The 914 was originally launched with two engine options. A naturally aspirated, air-cooled four-cylinder petrol flat boxer engine which displaced 1,679 cc (102.5 cu-inch) and generated 79 BHP at 4,900 rpm while breathing through two valves per cylinder. It generated torque of 136 N-m (100 lb-ft) at 2,700 rpm. This engine was sold as the VW-Porsche in Europe. This engine, operated through a 5-speed manual transmission could push the 940 kg (2,072 lbs) 914 to a top speed of 186.5 km/h (115.9 mph). The 136 N-m torque allowed it to reach a speed of 100 km/h in 13.3 seconds. The second option at the time of launch was also air-cooled. It was a naturally aspirated six-cylinder petrol flat boxer engine which displaced 1,991 cc (121.5 cu-inch). This engine breathed through two valves per cylinder to produced 109 BHP of power at 5,800 rpm and 160 N-m (118 lb-ft) of torque at 4,200 rpm. The larger engine increased the weight of the car by 45 kgs making it tip the scales at 985 kg (2,172 lbs). This six-cylinder engine transferred the torque to the rear wheels using either a five-speed manual or a four-speed automatic transmission. It could push the 914 to a top speed of 207 km/h (129 mph). The acceleration from 0 to 100 km/h was achieved in 8.7 seconds. However, this car was expensive and did not sell more than 3,332 cars while the four-cylinder version sold 115,646 cars. Later versions of the car were offered with four-cylinder 1.8 litre and 2.0 litre engines which produced 84 BHP at 99 BHP repectively.

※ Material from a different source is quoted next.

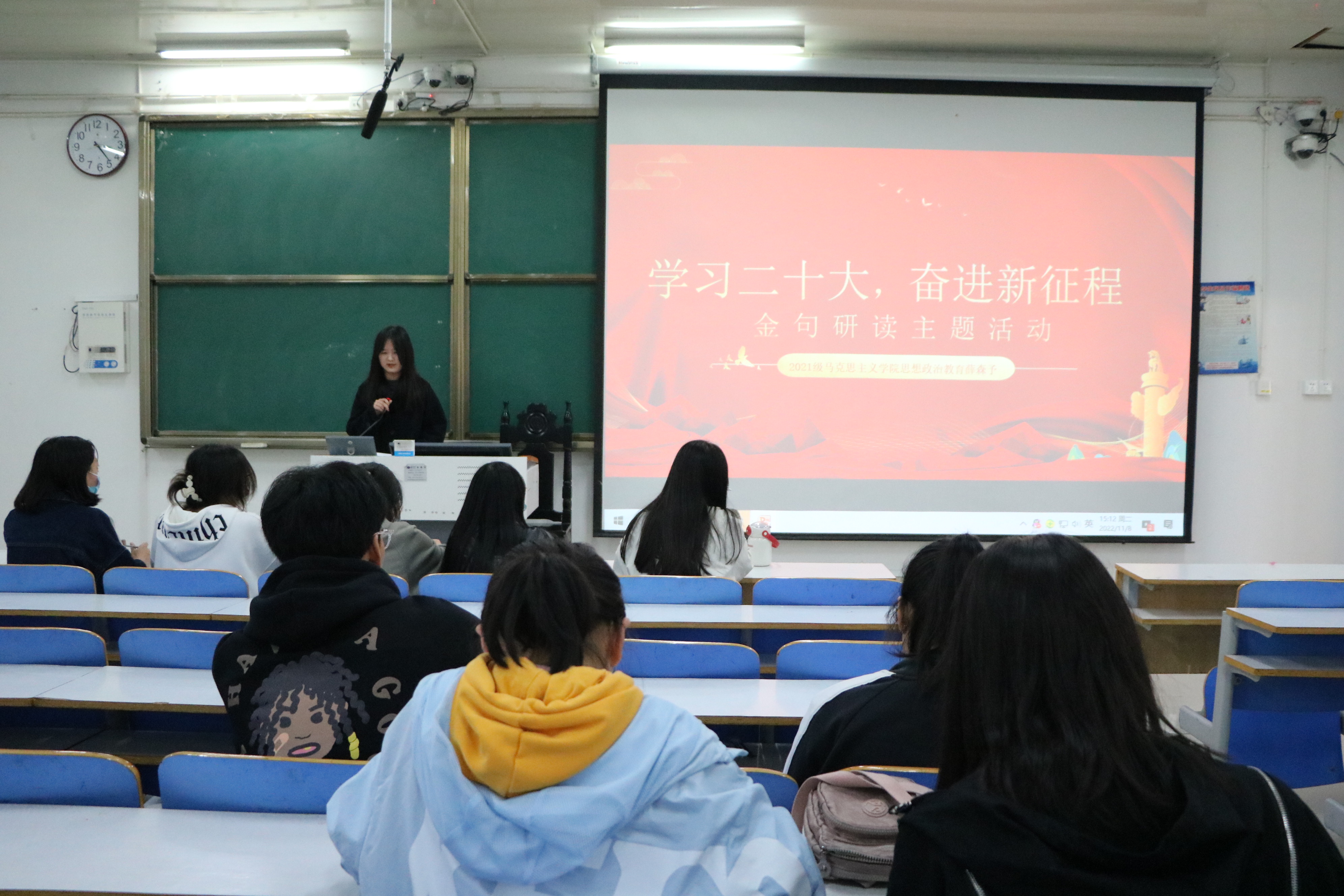 本次活动通过金句研读的方式,敦促我校学子深入学习党的二十大精神,唱响爱国、团结、矢志不渝跟党走的青春主旋律,引导同学们坚定正确政治方向,加强政治理论学习,将爱国之志转化为实际行动,让青春在全面建设社会主义现代化国家的火热实践中绽放绚丽之花。(太阳集团tyc5997 鲍梦瑶 张明月/供稿 陶青青/审核)

The Porsche 914 experienced motorsport fame when Claude Ballot-Lena and Guy Chasseuil won the GTS class at the Le Mans 24 Hours in 1970. This race had multi-class racing meaning the 914 was pitched against Porsche’s legendary 917K and 908s in the same race. Despite such competition, the 914 managed 6th place overall beating bigger and more powerful machines from Ferrari and Matra’s works squads.